The climate of Bjuröklubb was classified as subarctic under the Köppen system (Dfc) during the 1961–1990 reference period, although it has been transitioning into a humid continental climate (Dfb) during the 21st century as a result of sizeable warming. Bjuröklubb has maritime influence from the Bothnian Bay retaining some warmth in late summer, unlike less shielded areas, although less so than coastal areas further south. The September mean was 8.7 C during the 1961–1990 timeframe, about two degrees colder than during the first two decades of the 21st century. Winters are also more moderated due to less interior influence, with both January and February averaging -8.1 C during 1961–1990. In spite of the winter moderation, sea ice and cold water in spring can result in individual cold extremes.

Climate data for Bjuröklubb (2002–2018; extremes since 1901)
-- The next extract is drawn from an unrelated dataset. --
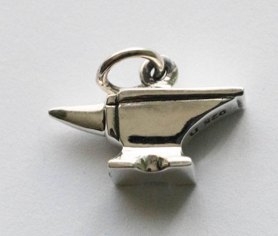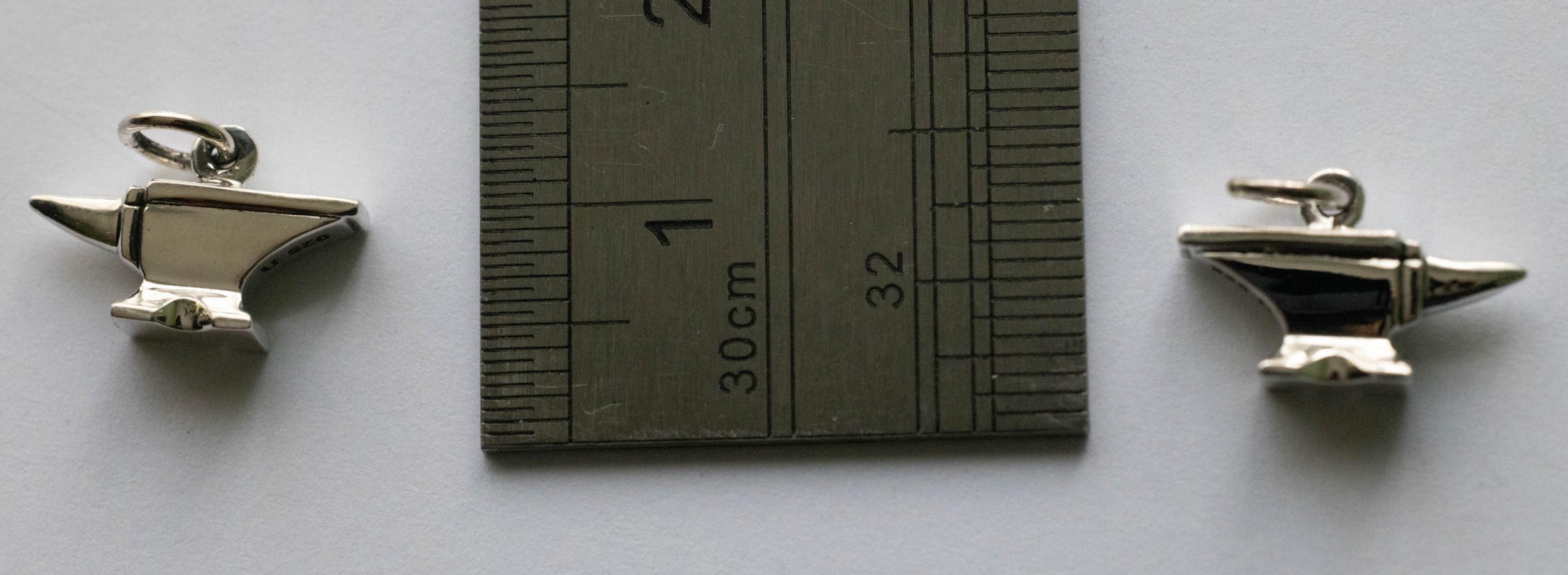 This is a listing for a 925 Sterling Silver Anvil Charm Dimensions: 9.2 x 14.2mm Thickness: 3.9mm Weight: 1.3g This charm is made from 100% recycled silver.

| Month | Jan | Feb | Mar | Apr | May | Jun | Jul | Aug | Sep | Oct | Nov | Dec | Year |
| Record high °C (°F) | 10.2 (50.4) | 9.2 (48.6) | 13.9 (57.0) | 19.5 (67.1) | 26.6 (79.9) | 30.7 (87.3) | 32.0 (89.6) | 29.2 (84.6) | 23.0 (73.4) | 17.0 (62.6) | 11.9 (53.4) | 9.9 (49.8) | 32.0 (89.6) |
| Mean maximum °C (°F) | 3.4 (38.1) | 4.6 (40.3) | 8.4 (47.1) | 12.7 (54.9) | 19.7 (67.5) | 23.4 (74.1) | 26.1 (79.0) | 24.3 (75.7) | 18.7 (65.7) | 12.6 (54.7) | 7.4 (45.3) | 4.8 (40.6) | 27.0 (80.6) |
| Mean daily maximum °C (°F) | −3.1 (26.4) | −3.2 (26.2) | 0.7 (33.3) | 5.4 (41.7) | 11.1 (52.0) | 15.9 (60.6) | 19.7 (67.5) | 18.4 (65.1) | 13.7 (56.7) | 6.9 (44.4) | 2.4 (36.3) | −0.4 (31.3) | 7.3 (45.1) |
| Daily mean °C (°F) | −5.7 (21.7) | −6.0 (21.2) | −2.5 (27.5) | 2.2 (36.0) | 7.6 (45.7) | 12.4 (54.3) | 16.4 (61.5) | 15.4 (59.7) | 10.9 (51.6) | 4.8 (40.6) | 0.5 (32.9) | −2.7 (27.1) | 4.4 (40.0) |
| Mean daily minimum °C (°F) | −8.2 (17.2) | −8.8 (16.2) | −5.7 (21.7) | −1.1 (30.0) | 4.0 (39.2) | 8.9 (48.0) | 13.0 (55.4) | 12.3 (54.1) | 8.1 (46.6) | 2.7 (36.9) | −1.4 (29.5) | −4.9 (23.2) | 1.6 (34.8) |
| Mean minimum °C (°F) | −18.8 (−1.8) | −19.4 (−2.9) | −14.2 (6.4) | −6.2 (20.8) | −0.3 (31.5) | 4.8 (40.6) | 9.2 (48.6) | 7.9 (46.2) | 3.1 (37.6) | −3.7 (25.3) | −8.2 (17.2) | −12.8 (9.0) | −22.6 (−8.7) |
| Record low °C (°F) | −35.1 (−31.2) | −32.5 (−26.5) | −28.6 (−19.5) | −17.5 (0.5) | −10.5 (13.1) | −0.5 (31.1) | 5.0 (41.0) | 4.0 (39.2) | −2.0 (28.4) | −11.5 (11.3) | −20.6 (−5.1) | −27.5 (−17.5) | −35.1 (−31.2) |
| Average precipitation mm (inches) | 42.9 (1.69) | 35.2 (1.39) | 28.0 (1.10) | 27.8 (1.09) | 35.0 (1.38) | 39.9 (1.57) | 49.3 (1.94) | 58.2 (2.29) | 50.9 (2.00) | 58.9 (2.32) | 55.0 (2.17) | 54.9 (2.16) | 536 (21.1) |
Source 1: SMHI Open Data
Source 2: SMHI climate data 2002–2018

==In popular culture==
Artist Laleh released a single called Bjurö klubb in 2009.